Please transcribe the lines below exactly, and leave every image behind.

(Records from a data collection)
—————
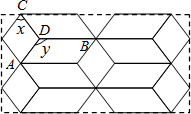 分析:根据菱形的性质得出∠ADC=180-x,∠CDB=y,进而根据∠ADC+∠CDB+∠ADB=360,得出y,x之间的关系.
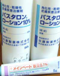 パスタロンローションはハンドクリームで、非ステロイド系、メインベート軟膏の方はステロイド系らしい。
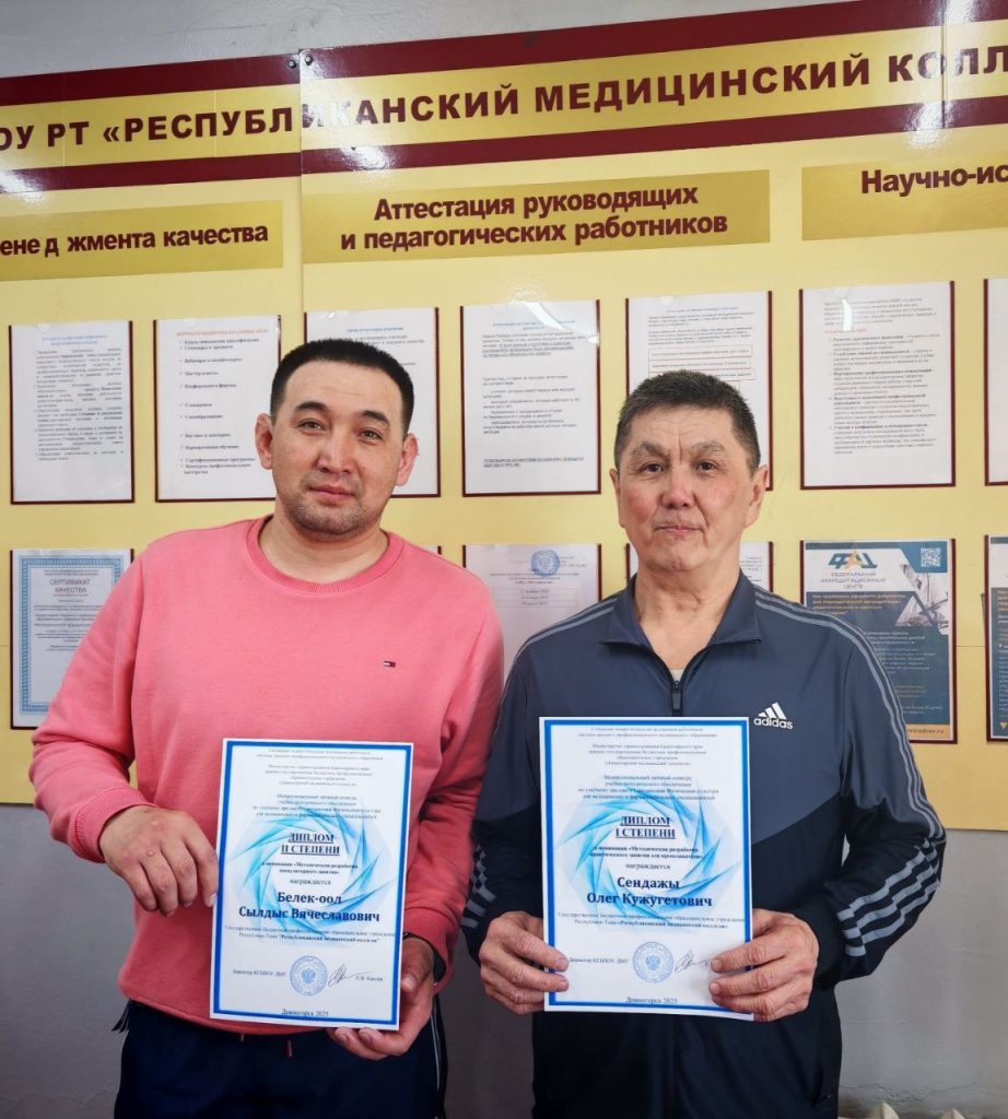 Подведены итоги межрегионального заочного конкурса учебно-методического обеспечения по учебному предмету/дисциплине «Физическая культура» среди педагогических работников Сибирской межрегиональной Ассоциации работников системы СПО медицинского образования. Среди победителей — педагоги ГБПОУ РТ «Республиканский медицинский колледж». Дипломом I степени в номинации «Методическая разработка практического занятия для преподавателя» удостоен преподаватель Сендажы О.К. , дипломом II степени в номинации «Методическая разработка внеаудиторного занятия» награжден инструктор Белек-оол С.В. Поздравляем коллег и желаем им дальнейших успехов в педагогической деятельности!
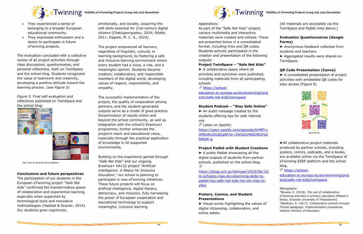Bibliography: * Boukla, E.( 2018). The use of collaborative eTwinning activities in primary education [ Master’ s thesis, Aristotle University of Thessaloniki ]. * Badikian, S.( 2017). Collaborative schools through Freinet pedagogy: Implementation procedures. Hellenic Ministry of Education.
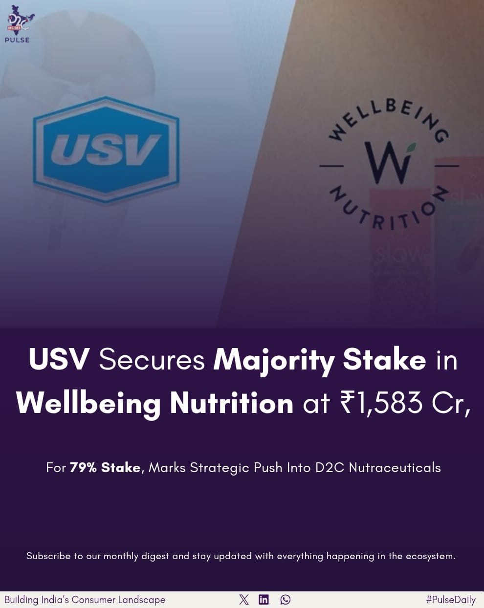 In one of the most significant D2C acquisitions 2025 and major highlights in D2C news India, pharmaceutical major USV has signed a definitive agreement to acquire a 79% stake in Nutritionalab Private Limited, the parent company of Wellbeing Nutrition. The transaction values the Direct-to-consumer India nutraceutical brand at approximately ₹1,583 crore, marking a strong moment in India’s D2C ecosystem India and reinforcing the growing momentum in D2C industry news.
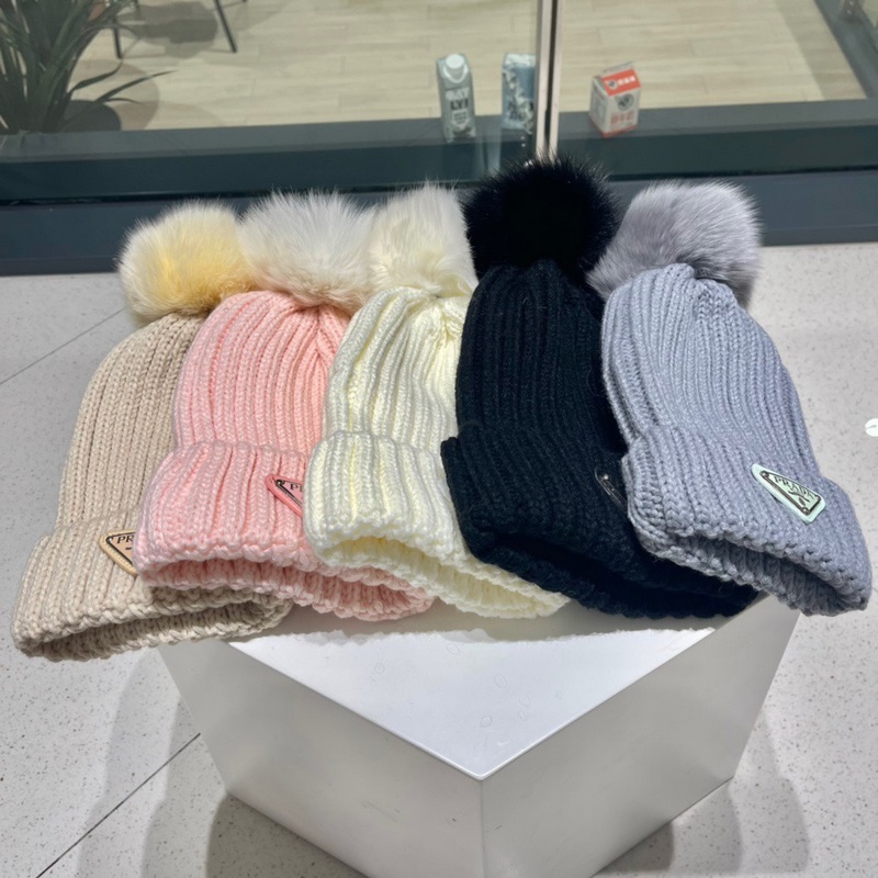 Prada 2023 Fall/Winter Fox Fur Pom Pom Knit Beanie Premium Quality
—————
» **Exercise output**
 分析:根据菱形的性质得出∠ADC=180-x,∠CDB=y,进而根据∠ADC+∠CDB+∠ADB=360,得出y,x之间的关系.
 パスタロンローションはハンドクリームで、非ステロイド系、メインベート軟膏の方はステロイド系らしい。
 Подведены итоги межрегионального заочного конкурса учебно-методического обеспечения по учебному предмету/дисциплине «Физическая культура» среди педагогических работников Сибирской межрегиональной Ассоциации работников системы СПО медицинского образования. Среди победителей — педагоги ГБПОУ РТ «Республиканский медицинский колледж». Дипломом I степени в номинации «Методическая разработка практического занятия для преподавателя» удостоен преподаватель Сендажы О.К. , дипломом II степени в номинации «Методическая разработка внеаудиторного занятия» награжден инструктор Белек-оол С.В. Поздравляем коллег и желаем им дальнейших успехов в педагогической деятельности!
Bibliography: * Boukla, E.( 2018). The use of collaborative eTwinning activities in primary education [ Master’ s thesis, Aristotle University of Thessaloniki ]. * Badikian, S.( 2017). Collaborative schools through Freinet pedagogy: Implementation procedures. Hellenic Ministry of Education.
 In one of the most significant D2C acquisitions 2025 and major highlights in D2C news India, pharmaceutical major USV has signed a definitive agreement to acquire a 79% stake in Nutritionalab Private Limited, the parent company of Wellbeing Nutrition. The transaction values the Direct-to-consumer India nutraceutical brand at approximately ₹1,583 crore, marking a strong moment in India’s D2C ecosystem India and reinforcing the growing momentum in D2C industry news.
 Prada 2023 Fall/Winter Fox Fur Pom Pom Knit Beanie Premium Quality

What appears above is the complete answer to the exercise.